They look down at the documents, and back at you. “Why don’t we save some time. Our facilities are at maximum efficiency-”

“Oh no,” you chuckle. “I’m afraid there’s been a mixup. I ain’t no inspector. I’m here to investigate the disappearance of two of your decorruptors.”

The _job_ part of _dirty job_ is completely relative. If you’re on a battle cruiser, there’ll be a thousand openings for toilet scrubber; if you’re planet side, they need replacement foot soldiers perigeely. But, if you’re a lowblood who just so happens to find yourself assigned to a legislacerator tribulation center, suddenly the one thing no one wants to do is investigate dead-end cases.

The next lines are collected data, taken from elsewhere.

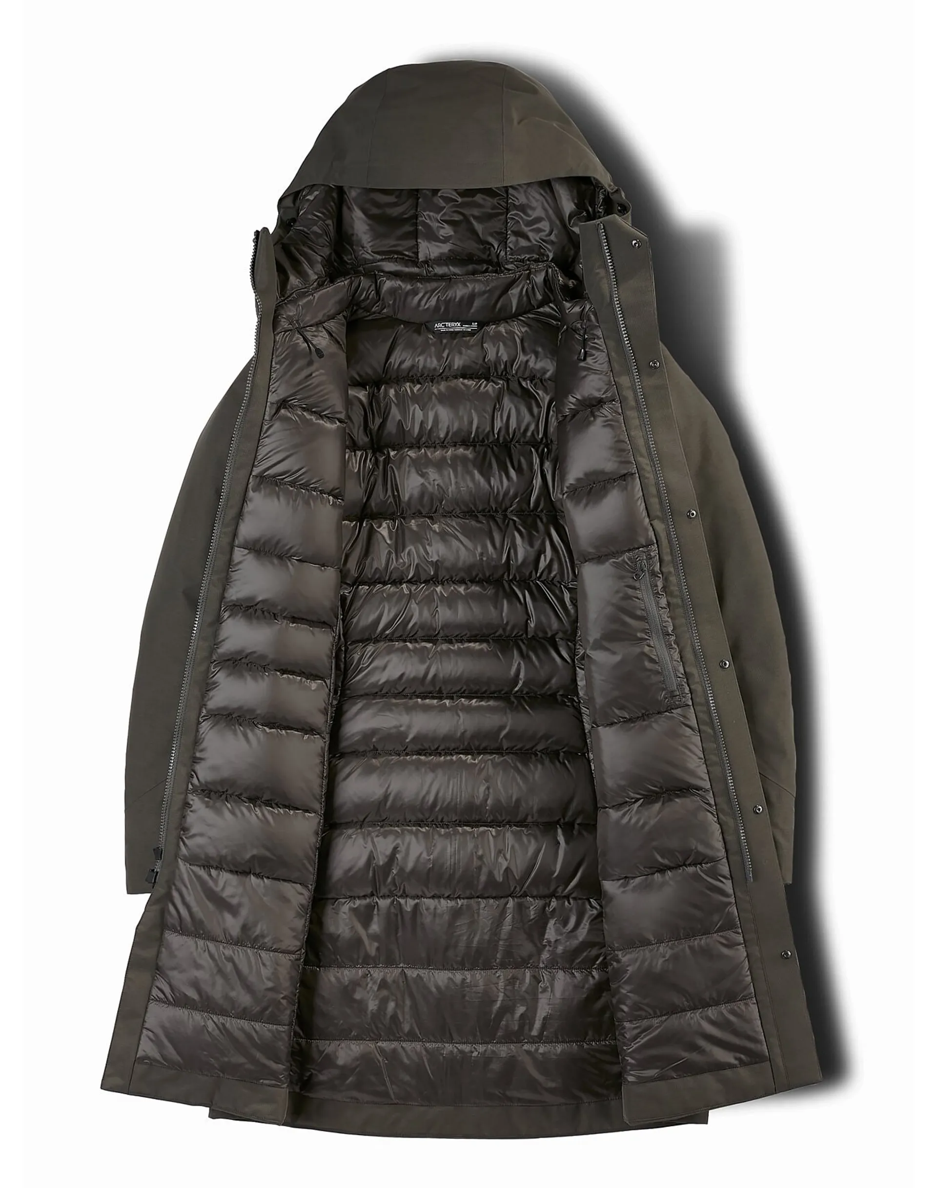 Insulation: Starting from the inside, Arc'teryx equip the Patera with a mixture of Coreloft and 750 fill-power goose down, providing plenty of warmth for cold commutes and trips into town. Areas which are exposed to moisture such as the front of the mouth and under the arms are treated to Arc'teryx's synthetic Coreloft insulation, while the rest of the Patera gets lightweight and super warm goose down.
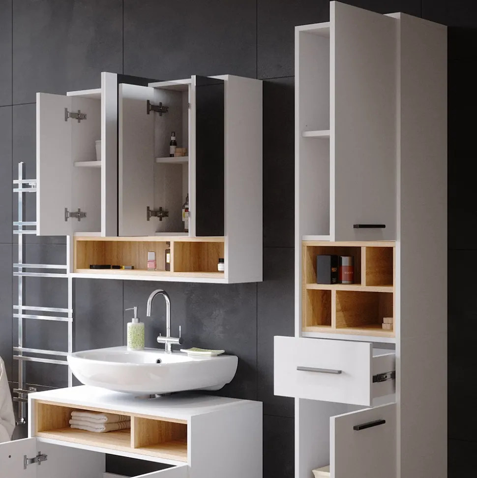 - Unser schmale Badezimmerschrank „Beatrice“ ist eine gute Entscheidung für Ihr Zuhause. Durch sein optimales Design passt er in jedes Bad.
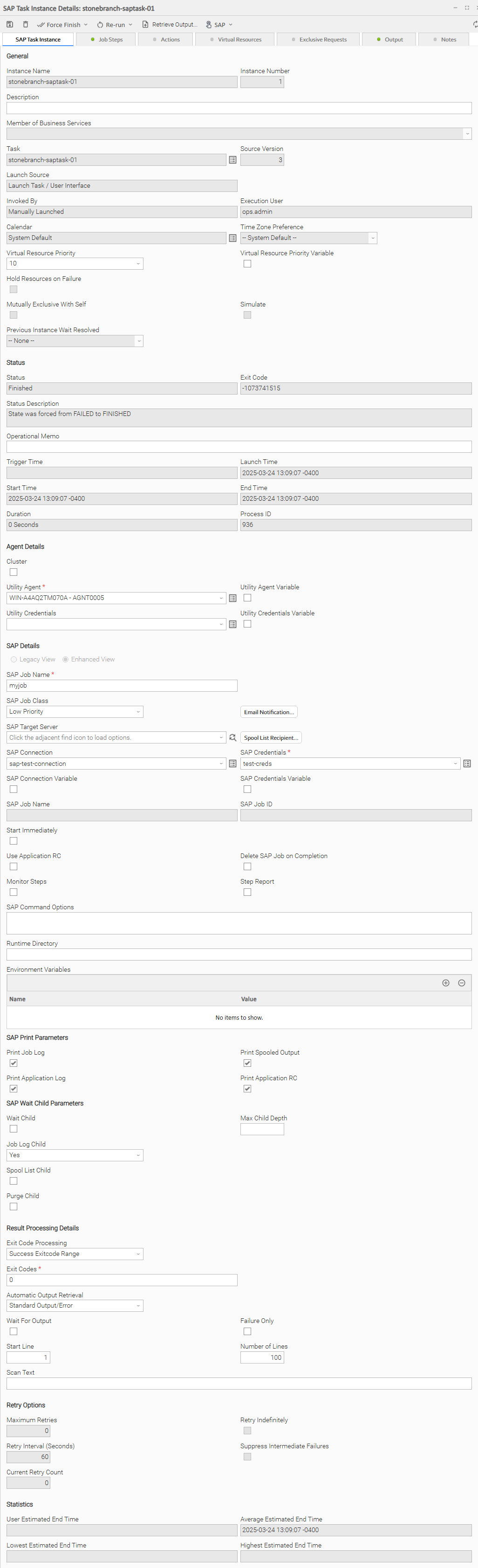 This section contains information about execution statistics of a Job Step. These fields are only available for an SAP Task Instance.
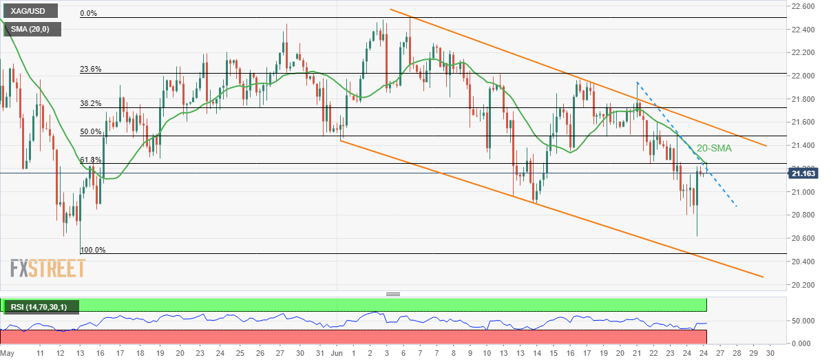 In doing so, the brighter metal pulls back from a convergence of the 61.8% Fibonacci retracement of May 13 to June 06 upside, as well as the 20-SMA, around $21.25.

Your name is MCCREE and you specialize in unglamorous inquiries that will never result in an arrest. You excel at cases that keep discreetly sliding to the bottom of the pile because the amount of effort to fly to a rim world, discover there’s no witness, crime scene, or evidence, and then fly back just so you can put a little red checkmark on the folder and dispose of it is way more effort than any self-respecting teal would ever _not_ shirk off to a subordinate. But, if there’s one thing that sets you apart from all the other bronzes and burgundies shuffling about under the oppressive weight of grunt work, is that you’ve never not damn well tried. Sure you have no resources. No warrants, no authority, no clearance. Sure even if you were somehow to stumble upon an actual miracle that paints the perpetrator red-(or orange or yellow or green) handed, Symmetra would probably never take the time to do what essentially amounts to a slap on the wrist. But despite all that, you’ve always done your damn job. After all, it’s not like you have anything else to do.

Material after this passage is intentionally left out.